Thank god so many art students smoke and no one blinked an eye when we ran out the front door. For shopping. Ever been to New Look? It's like London H&M, and it is very lovely, and a very bad idea when your amount of money is finite and you shouldn't be spending it frivolously. That is the most terrifying part of study abroad, for sure. I'm not working, which means, if I'm not conscious, the money could eventually run out. Shivers.
And a jot through the pharmacy--seriously guys, who told you spray deodorant was a good idea--any why don't you use top sheets in your bedding sets? But then we had forty-five minutes to kill.
Half the city is housed in these turn-of-some-century buildings and the others are glass and steel but you walk around the corner in London, you can be gobsmacked with history. The law offices in Holborn sit around a chapel and its crypt, where a few dozen past members of the royal council are interred. You can literally walk three steps away from a skyscraper in this town and be standing on a tomb that's been there, chiseled in calligraphy, since 1743. Look at how cute we are in America, making such a big deal about our hundred year old rail stations and our centennial. The oldest tailor in London was founded in 1689. I have photographic proof.
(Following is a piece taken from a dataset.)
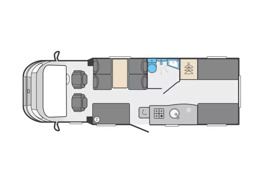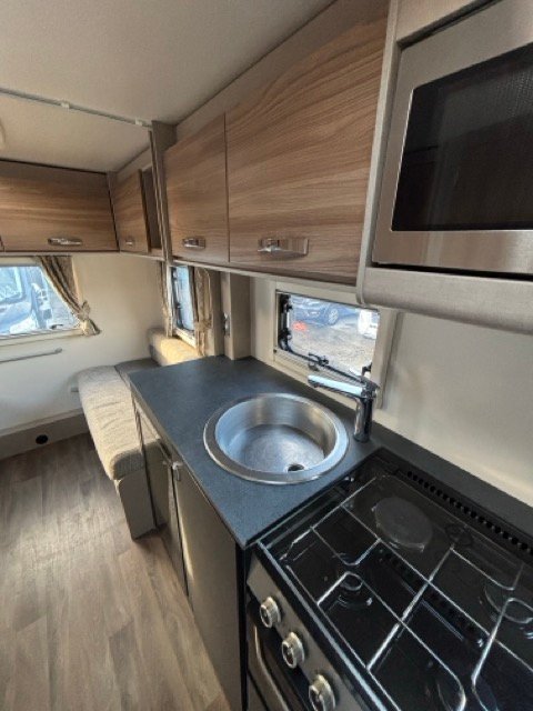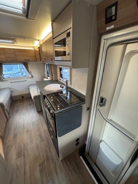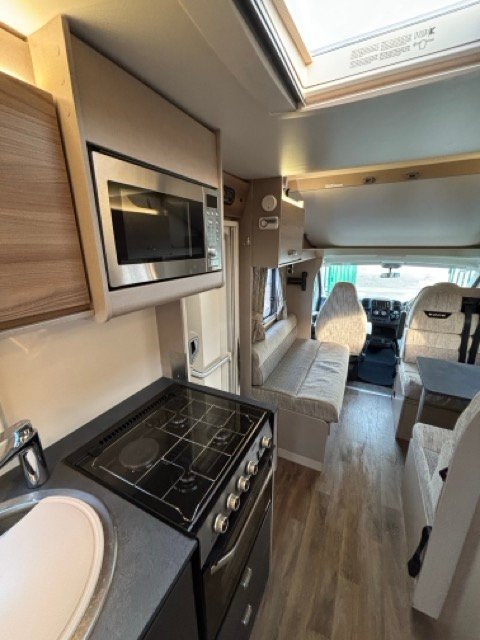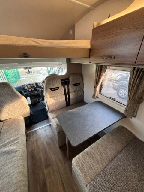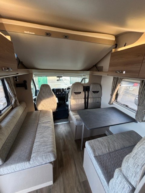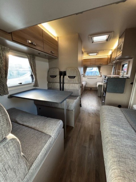 The 486 features a desirable layout with 3 double beds, end lounge, and a dinette that easily converts into a double bed. This means it comfortably accommodates up to 6 people, making it ideal for weekend getaways or extended holidays. This motorhome boasts a high standard specification as you’d expect from Swift including TV aerial, microwave, Truma Combi heating & hot water system. Powered by the latest Euro6 diesel engine and equipped with a manual gearbox.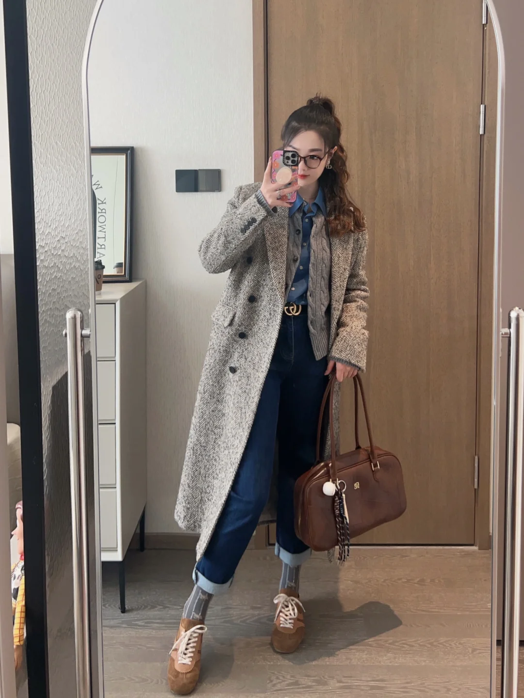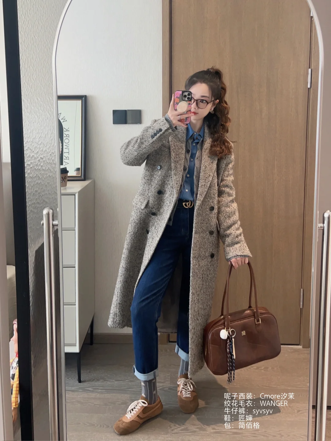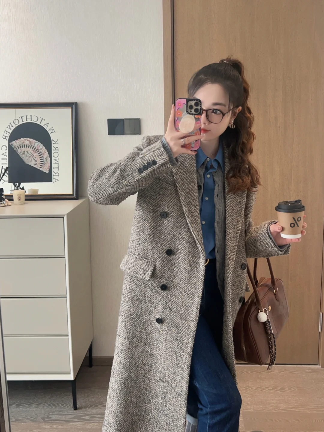 复古保暖又美丽!打工人直呼哇塞的人字纹大衣它来啦!🍁棕灰色简直不要太高级了!叫我购物小天才!

We found the pub, and our abandoned tour group making their way up to it's marble doorstep with poorly suppressed giggles and one giant conspicuous shopping bag. Some other familiar faces where there, and as the group continued past the pub for some (un)familiar sights of near-ancient chapels and a crypt full of Silks, we gathered around the tour guide and his fanny-pack microphone. Tom crept up behind Claire en-route. "Been doing some shopping, I see?" But everything sounds so much less dangerous in his jolly British accent. But his smirk totally crossed the T on the SHITHEAD stamp on my forehead.
But some well deserved ribbing over the American pronunciation of 'herb' and a one stolen chip, and we're on fine ground with Tom. He must deal with so much worse anyway. I know how art students can be.
Then 4PM in the Knight's Templar pub and free pints for all! School bought us all a pint of beer. Let me repeat that for you. School bought all one hundred twenty of us a pint of beer. Sure is was a chain bar and they offered alcoholic cider--is this your idea of a good time, Britain? It tastes like sour apple juice and piss. And Coldwater Creek wine on tap? I don't even know how to form words in response to that.
Props to you, UAL, for trying so hard to make us happy, but we do not need an entire week of orientation activities to get us acclimated to the city when the majority of us have been getting drunk in pubs since we moved in when the tenancy contracts started three weeks ago.
But points for the effort. And you bought me a pint, so, cheers.